Love is a Many Gothic Things - Bram Stoker's Dracula (1992)


If love never dies, it's bound to get angsty at some points. In Francis For Coppola's version of Dracula, the titular Count is more love-lorn aristocrat than twisted creature of the night. I'm writing about this adaptation on the holiest of holy love days,
Anna Howard Shaw Day because in Stoker's original novel, the love story is between Mina and Harker only. So what does the love that won't quit add to the myth of Dracula? Let's find out.


In the added prequel for the film, Dracula is made out to be Vlad the Impaler. Upon his return home from a battle with the Turks he discovers that his beloved wife Elisabetta has committed suicide after receiving a false report of his death. Vlad then denounces the church and stabs a cross which bleeds which is amazing. We skip forward in time to 1897 to meet a young solicitor Johnathon Harker (Keanu Reeves) leaving his beloved fiancee Mina (Winona Ryder) back in London to meet with Count Dracula (Gary Oldman) who has inquired about buying some property. Right now this movie sounds like a 20/20 segment BUT it looks like this:


And this!:


Sooner or later you'll dance with the Reaper.
So, it's like the best 20/20 segment ever. We encounter Dracula who has an accent that drips like heavy candle wax and a speech pattern somewhere between Yoda and Mr. Miyagi. And I mean that as a compliment. Gary Oldman, along with the costume design, is the best damn thing in this movie. If Oldman is the best thing about this film, Reeves is the funniest. His expressions and line reading are somewhere between bemused and vaguely concerned. During all the craziness at the Dracula homestead, the Count catches a glimpse of a photograph of Mina that Harker has. The Count is certain that Mina is the reincarnation of his beloved Elisabetta. He packs up his coffins, boards a ship for London and makes himself look like a fancy Keith Richards to impress his would be lady-love.


The rest of the film devolves into Dracula following Mina around London and attempting to woo her, but at the same time he manages to turn her best friend the saucy Lucy (Sadie Frost) into a vampire, like a Victorian episode of Jerry Springer.
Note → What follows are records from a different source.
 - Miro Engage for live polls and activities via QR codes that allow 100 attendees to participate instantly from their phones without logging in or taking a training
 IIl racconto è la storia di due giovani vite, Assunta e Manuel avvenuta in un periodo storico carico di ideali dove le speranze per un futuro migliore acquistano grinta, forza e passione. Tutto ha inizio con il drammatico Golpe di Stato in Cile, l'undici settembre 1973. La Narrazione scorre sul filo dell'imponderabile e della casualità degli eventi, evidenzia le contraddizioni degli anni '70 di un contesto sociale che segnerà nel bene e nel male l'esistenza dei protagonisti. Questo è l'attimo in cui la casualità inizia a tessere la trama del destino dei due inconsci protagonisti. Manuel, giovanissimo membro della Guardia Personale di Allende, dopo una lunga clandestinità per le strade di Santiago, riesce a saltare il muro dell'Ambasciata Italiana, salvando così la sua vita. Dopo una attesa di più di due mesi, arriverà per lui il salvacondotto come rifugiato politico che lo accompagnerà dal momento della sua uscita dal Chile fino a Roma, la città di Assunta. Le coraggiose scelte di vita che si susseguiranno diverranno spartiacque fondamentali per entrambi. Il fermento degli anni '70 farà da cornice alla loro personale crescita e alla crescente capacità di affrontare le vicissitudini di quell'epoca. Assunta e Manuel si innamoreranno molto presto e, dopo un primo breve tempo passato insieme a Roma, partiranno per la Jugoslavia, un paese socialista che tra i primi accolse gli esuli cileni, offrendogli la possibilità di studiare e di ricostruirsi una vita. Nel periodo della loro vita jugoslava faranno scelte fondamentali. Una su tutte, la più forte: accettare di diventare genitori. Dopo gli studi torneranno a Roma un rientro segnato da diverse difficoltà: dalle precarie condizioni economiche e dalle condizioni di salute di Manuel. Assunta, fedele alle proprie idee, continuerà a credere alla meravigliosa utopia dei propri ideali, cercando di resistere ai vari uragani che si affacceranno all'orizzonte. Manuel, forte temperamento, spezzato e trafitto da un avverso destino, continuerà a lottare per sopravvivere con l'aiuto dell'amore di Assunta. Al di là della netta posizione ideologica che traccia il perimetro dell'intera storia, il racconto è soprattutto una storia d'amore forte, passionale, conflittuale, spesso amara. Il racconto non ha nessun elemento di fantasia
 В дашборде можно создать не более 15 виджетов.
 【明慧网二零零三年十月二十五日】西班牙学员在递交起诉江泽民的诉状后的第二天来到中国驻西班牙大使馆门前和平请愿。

Mina eventually realizes that she is in love with the Count and he begins her transformation into a vampire. Then they go back to his castle to make-out FOREVER. A bunch of men, including Anthony Hopkins as Van Helsing, follow them to stop Dracula and save Mina. After the initial tussle with the men Dracula is mortally wounded, Van Helsing and Harker allow Mina to take him away. Dracula asks Mina to put him out of his misery, she does so by stabbing him in the heart. As he dies, Mina returned to her human state and the fresco above them (what? you don't have one in your apartment?) changes to show Vlad and Elisabetta ascending to heaven. Awwwwwwwwwwwwww.
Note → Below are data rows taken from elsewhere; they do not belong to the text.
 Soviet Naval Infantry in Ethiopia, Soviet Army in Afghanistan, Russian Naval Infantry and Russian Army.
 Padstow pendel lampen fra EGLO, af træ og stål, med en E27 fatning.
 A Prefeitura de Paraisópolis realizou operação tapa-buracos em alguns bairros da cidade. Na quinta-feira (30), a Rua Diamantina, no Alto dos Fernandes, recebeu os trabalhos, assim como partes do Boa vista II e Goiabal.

Coppola has taken Stoker's classic and changes the story from an adventure to romantic saga. Paul Verhoeven's Basic Instinct was release the same year also mimics the bizarrely asexual aftertaste of this movie. (Verhoeven's Showgirls perfects this) After all the sex, blood drinking and titillation is done with the movie has no heat left. It's a childish version of sex, all show and no results. Both Dracula and Basic Instinct have been read as warnings in the midst of the AIDS crisis. I don't disagree with this reading but I do think it's a little too on the nose. Dracula is about dangerous love, the kind that changes us and not always for the best.
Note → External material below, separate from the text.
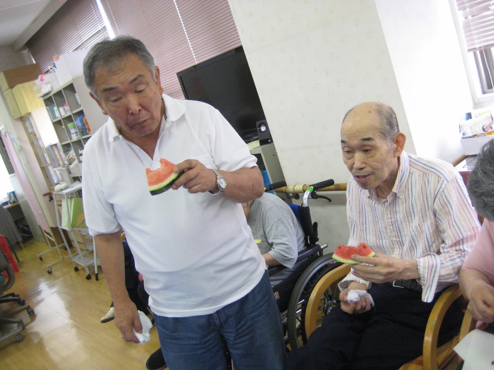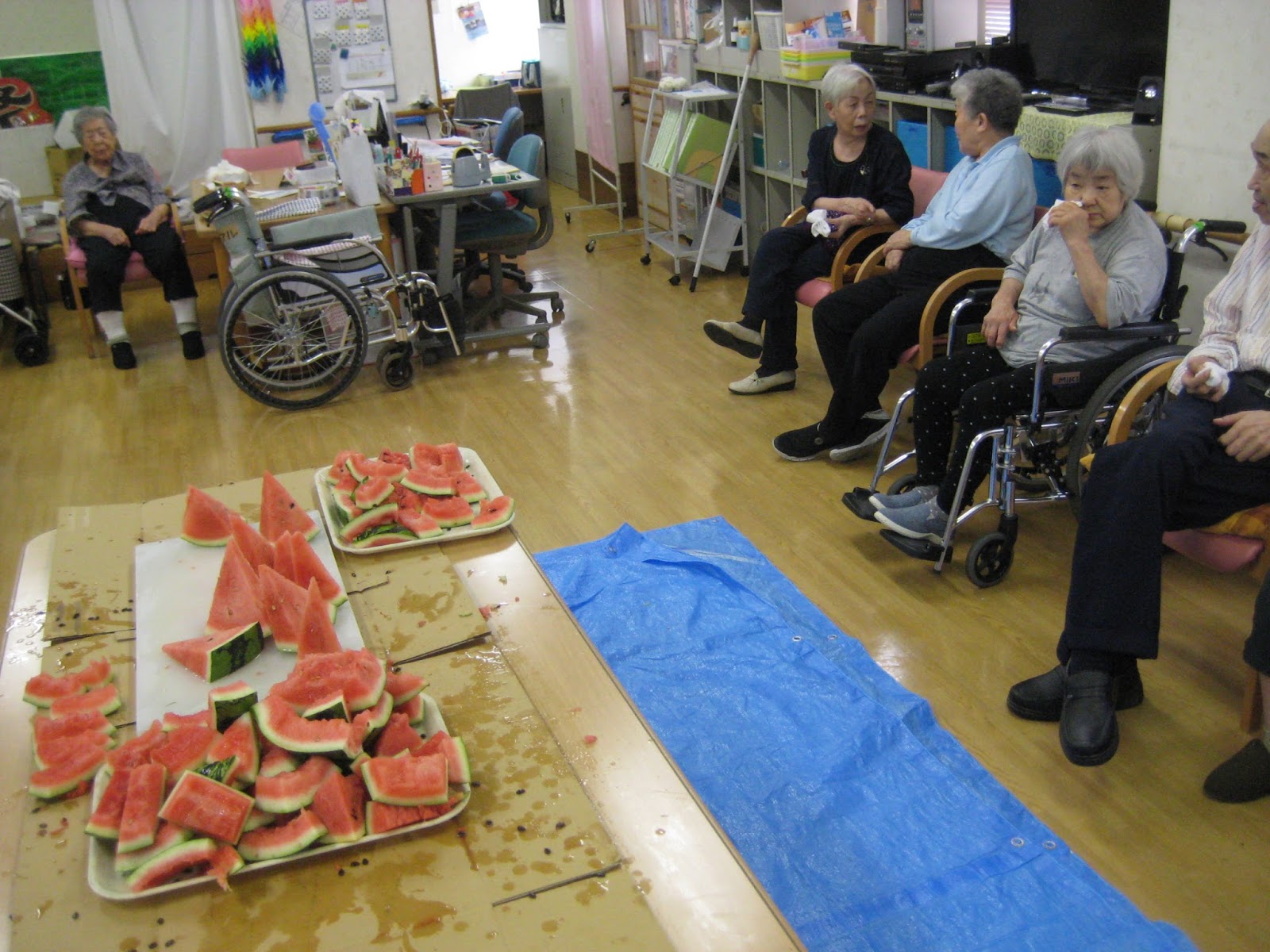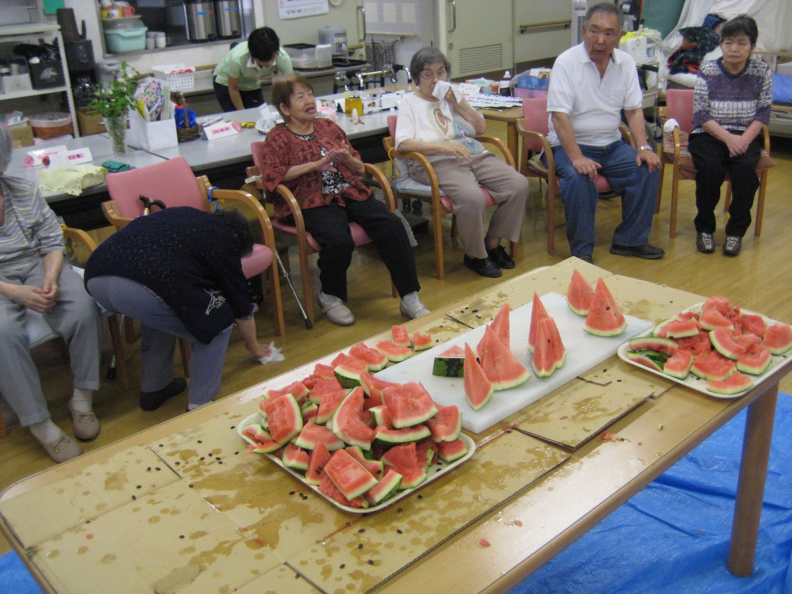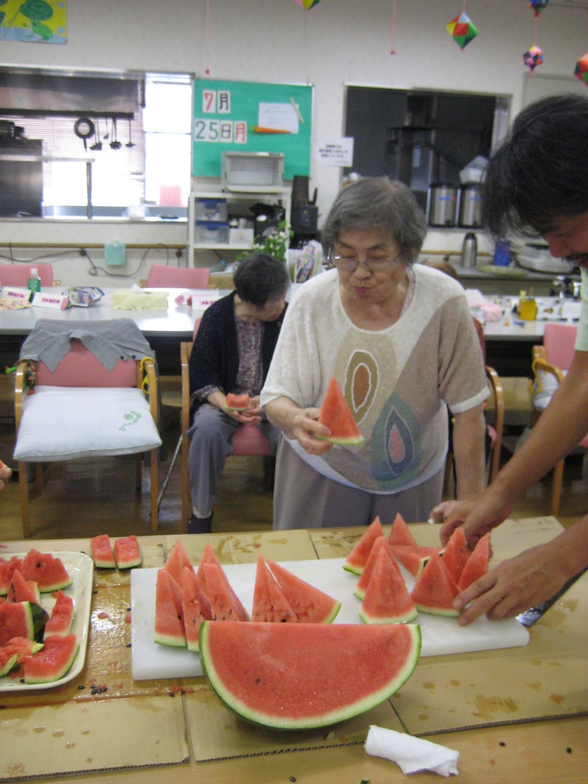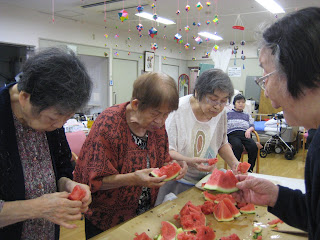 美味しい美味しいと、そばを離れない利用者さんもいれば普段は大人しい利用者さんもご自分から歩いてスイカを取りに行こうとしたりΣ(・∀・;)

Lucy, the most overtly sexual character, is practically a cartoon in a corset. The majority of her lines are delivered while flouncing on a bed with her, ahem, cups running over. I enjoy a good Victorian romance because of the restraint. With their permanently buttoned up collars and stiff upper lip, it makes the romance all the more intense. With the overt, almost childish sexuality on display in Dracula it becomes campy rather than romantic. The clearest instance of this, to me anyway, is when Mina finally gives into her desire and wants to drink Dracula's blood. Dracula cuts his chest and as she drinks he proclaims "I do not vant this!" while Mina forcibly continues drinking he lets her and contorts his face as though he's in the midst of sex positions we were never supposed to hear about.


Because of all the weight placed on the love story, the last act feels cobbled together from bits and pieces of the original novel and the ingenious set piece like the race to Castle Dracula are haphazard and confusing. Stoker created a brilliant narrative that included among other things, a love story between Harker and Mina. Apparently that's not enough. The entire storyline becomes centred on Mina and Dracula, to the detriment of all the other elements of the story. The love triangle is so ham-fisted and shoved down our throats that it makes the film into a goody thrill-ride rather than a depiction the full and engaging world that Stoker created.

Love may never die, as the film's tagline would have us believe, but it can make everyone queasy. All this to say, I like this film a lot. It's a failure, but it's a spectacular failure.